[Opening THE DATA section]

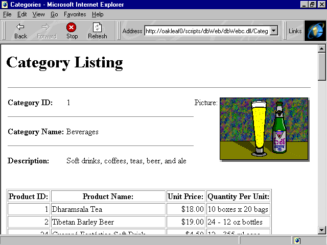 You access the dbWeb sample pages from a networked browser with the URL http://servername/dbweb/dbwtest.htm. Scroll down to the links to Pubs Examples and Northwind Examples to try the examples (see fig. 20.35). Figure 20.36 shows the page for the Northwind Category_Products data source displaying the first of four Categories table records and part of the Products table for the Beverages category. The Products list corresponds to an Access subform. The Category Listing page is static; no user-entered criteria is accepted.
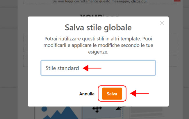 Si aprirà una finestra che ti chiederà di inserire un nome per lo stile. Dai un nome al tuo stile globale e clicca su Salva.
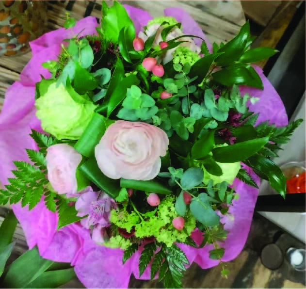 • Feuillage travaillé : Feuilles d’aspidistra et verdure pour structurer la gerbe.
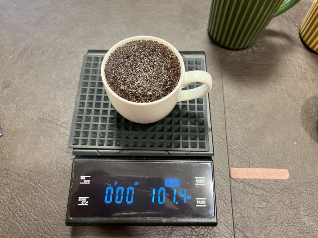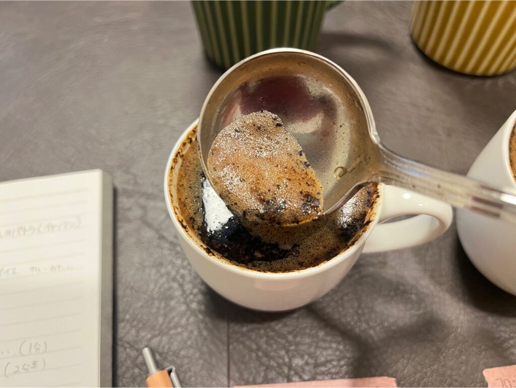 コーヒーカップ内を3回掬い上げるように混ぜ(この工程をブレイクと言います)、香りをクンカクンカ🐽何か気付いたことがあれば、都度メモを取ります📝
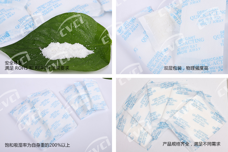速效干燥劑是以高效活性吸附物為原料,經(jīng)精確計(jì)算,科學(xué)調(diào)配后組成。包裝采用杜邦紙與高級無紡布雙層包裝,印刷精美,使用方便。該產(chǎn)品規(guī)格齊全,可滿足不同產(chǎn)品的防潮、防銹包裝需求。

[Closing THE DATA section]

> EXERCISE
Write out the listing above again, exactly, but with no pictures in the copy.

> EXERCISE RESPONSE
 You access the dbWeb sample pages from a networked browser with the URL http://servername/dbweb/dbwtest.htm. Scroll down to the links to Pubs Examples and Northwind Examples to try the examples (see fig. 20.35). Figure 20.36 shows the page for the Northwind Category_Products data source displaying the first of four Categories table records and part of the Products table for the Beverages category. The Products list corresponds to an Access subform. The Category Listing page is static; no user-entered criteria is accepted.
 Si aprirà una finestra che ti chiederà di inserire un nome per lo stile. Dai un nome al tuo stile globale e clicca su Salva.
 • Feuillage travaillé : Feuilles d’aspidistra et verdure pour structurer la gerbe.
 コーヒーカップ内を3回掬い上げるように混ぜ(この工程をブレイクと言います)、香りをクンカクンカ🐽何か気付いたことがあれば、都度メモを取ります📝
速效干燥劑是以高效活性吸附物為原料,經(jīng)精確計(jì)算,科學(xué)調(diào)配后組成。包裝采用杜邦紙與高級無紡布雙層包裝,印刷精美,使用方便。該產(chǎn)品規(guī)格齊全,可滿足不同產(chǎn)品的防潮、防銹包裝需求。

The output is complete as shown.